I tried to adjust the Litespeed Memory I/O buffer from 120m to 304M. It seems to be no different. the following is the data captured from litespeed admin console and data captured from dreamhost PS command line. Based on number of connection 52 and total memory been used on PS server(362M), the memory used per connection is about 9.2MB instead of 6MB per connection.
*************************************
System
Uptime: 03:20:01 Load Average: 0.49, 0.49, 0.34
mpstat 19:01:27 CPU %user %nice %sys %iowait %irq %soft %steal %idle intr/s
19:01:27 all 31.70 0.21 6.09 4.71 0.11 0.86 0.00 56.31 2565.57
vmstat procs ———–memory———- —swap– —–io—- -system– —-cpu—-
r b swpd free buff cache si so bi bo in cs us sy id wa
Process
PID Nice Priority %CPU %Mem RSS(KB) VM(KB) Accu. CPU
26301 0 24 0.1 0.6 1916 5584 00:00:20
Network
Plain SSL
In Out In Out
0KB 1,541KB 0KB 0KB
Connection
Max Idle Plain SSL
150 2 Used Free Used Free
54 96 0 150
Request
Scope Requests in Processing Request/Second
_AdminVHost 0 1
_Server 52 1
domain.com 52 0
*******************************************
The follwoing information is captured from dreamhost PS command line interface using putty and “top” command.
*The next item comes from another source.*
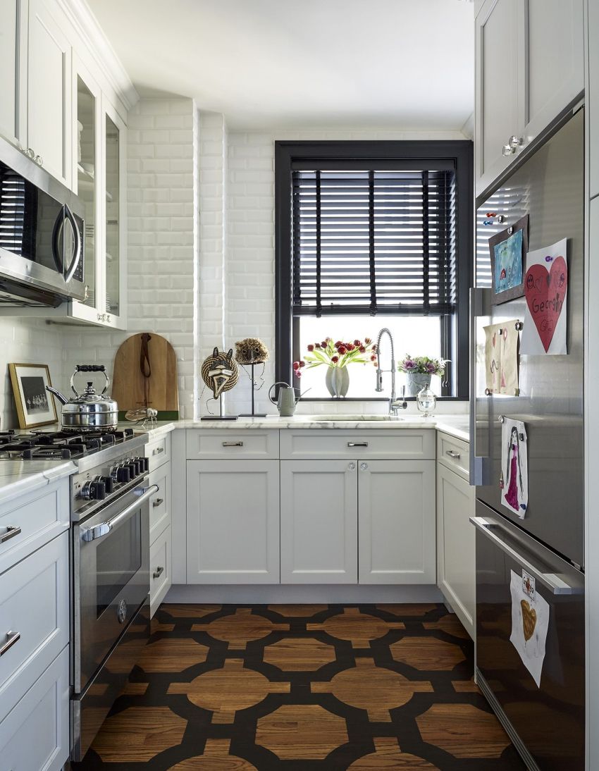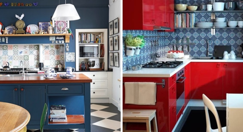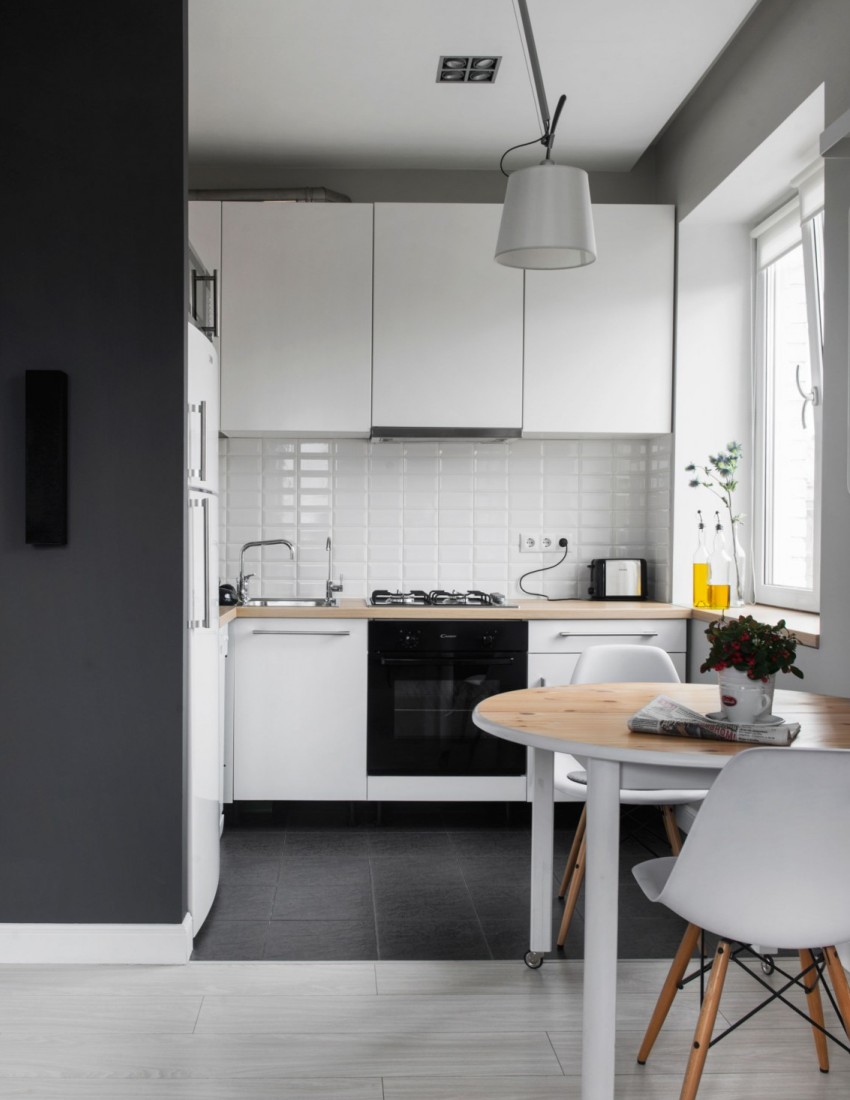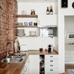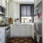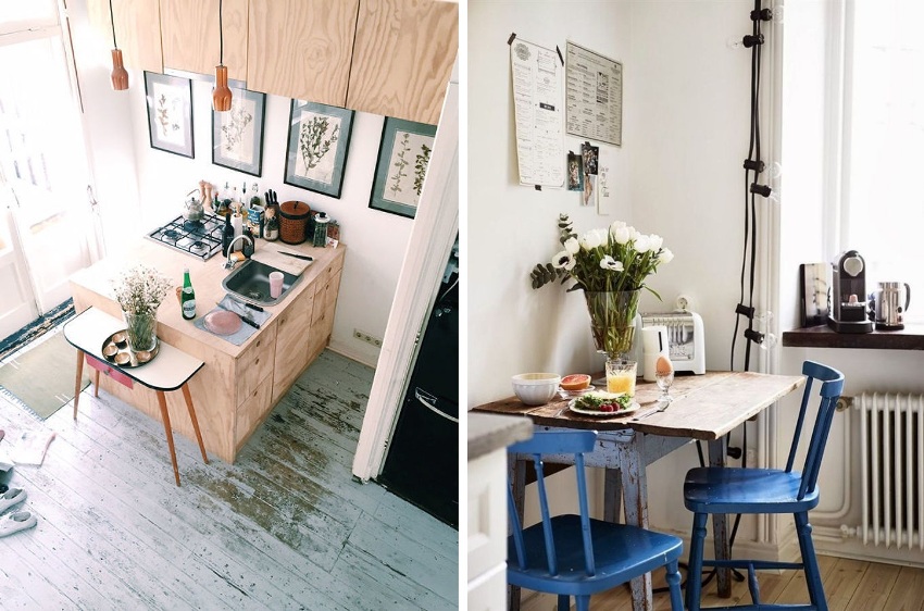 Scandinavian style is often used in a small kitchen. It is embodied using discreet tones, slightly diluted with various patterns, modest wooden furniture, steel appliances and rustic textiles for decoration. If you want to make the interior even more stylish, add color with bright kitchen utensils. Use quirky plates with cute patterns, an interesting shaped pepper shaker and salt shaker, or potholders in the form of funny faces.
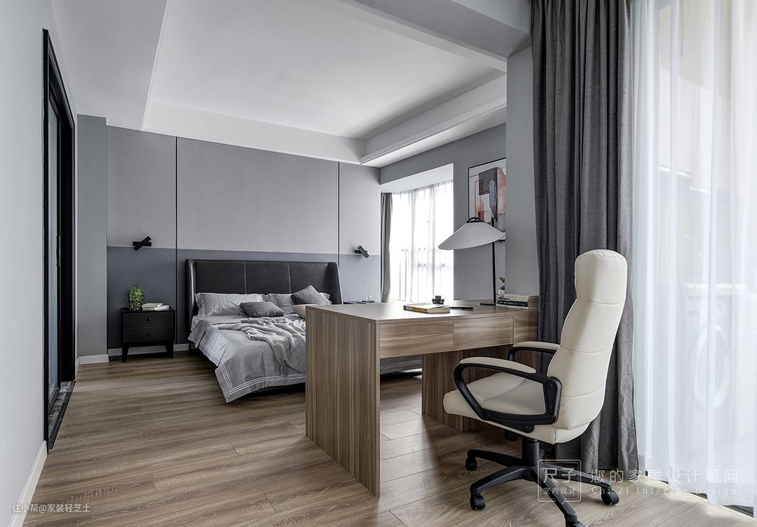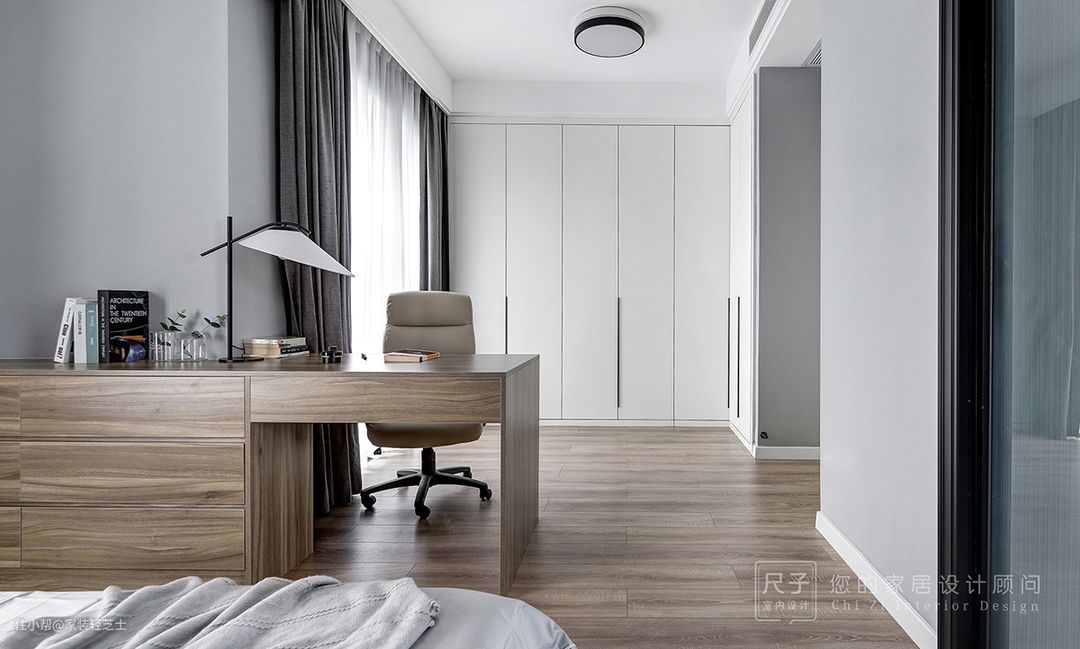 业主将相邻闲置的房间打通并入主卧。用书桌作为隔断,将房间分成两大部分。

top – 18:54:11 up 3:37, 1 user, load average: 0.03, 0.23, 0.23
Tasks: 79 total, 1 running, 78 sleeping, 0 stopped, 0 zombie
Cpu(s): 29.5%us, 3.8%sy, 0.0%ni, 65.1%id, 0.3%wa, 0.1%hi, 1.2%si, 0.0%st
Mem: 311296k total, 311296k used, 0k free, 0k buffers
Swap: 311296k total, 53944k used, 257352k free, 0k cached
PID USER PR NI VIRT RES SHR S %CPU %MEM TIME+ COMMAND
23356 dhapache 15 0 123m 5556 1508 S 1 1.8 0:00.41 apache2-ps5905-
26308 kl 15 0 7736 5484 1564 S 1 1.8 0:32.44 admin_php
8596 kl 15 0 10592 1284 956 R 0 0.4 0:00.06 top
23379 dhapache 15 0 123m 5328 1444 S 0 1.7 0:00.23 apache2-ps5905-
1 root 18 0 6120 692 568 S 0 0.2 0:08.21 init
2071 dhapache 15 0 123m 5568 1504 S 0 1.8 0:01.39 apache2-ps5905-
3663 postfix 15 0 20652 2060 1616 S 0 0.7 0:00.00 pickup
4940 dhapache 15 0 123m 5548 1512 S 0 1.8 0:01.49 apache2-ps5905-
5019 root 15 0 10112 1420 540 S 0 0.5 0:00.80 syslog-ng
5037 root 20 0 3872 420 332 S 0 0.1 0:00.00 courierlogger
5038 root 18 0 12252 672 528 S 0 0.2 0:00.00 authdaemond
5040 root 18 0 12252 264 120 S 0 0.1 0:00.00 authdaemond
5091 root 18 0 123m 7956 4132 S 0 2.6 0:00.09 apache2-ps5905-
5094 dhapache 18 0 123m 4384 568 S 0 1.4 0:00.00 apache2-ps5905-
5100 dhapache 18 0 123m 4416 596 S 0 1.4 0:00.00 apache2-ps5905-
5104 dhapache 15 0 123m 5556 1508 S 0 1.8 0:01.00 apache2-ps5905-
5109 dhapache 15 0 123m 5620 1592 S 0 1.8 0:01.56 apache2-ps5905-
February 11th, 2009 at 9:57 pm - Edit
@KL
5104 dhapache 15 0 123m 5556 1508 S 0 1.8 0:01.00 apache2-ps5905-
5109 dhapache 15 0 123m 5620 1592 S 0 1.8 0:01.56 apache2-ps5905-
You can see from the 5556 and 5620 that each apache2 is using less than 6MB of memory now. The rest of the memory is used mostly by PHP threads. Tune your PHP_LSAPI_CHILDREN and also your PHP accelerator (eAccelerator?) memory cache size to optimize memory usage.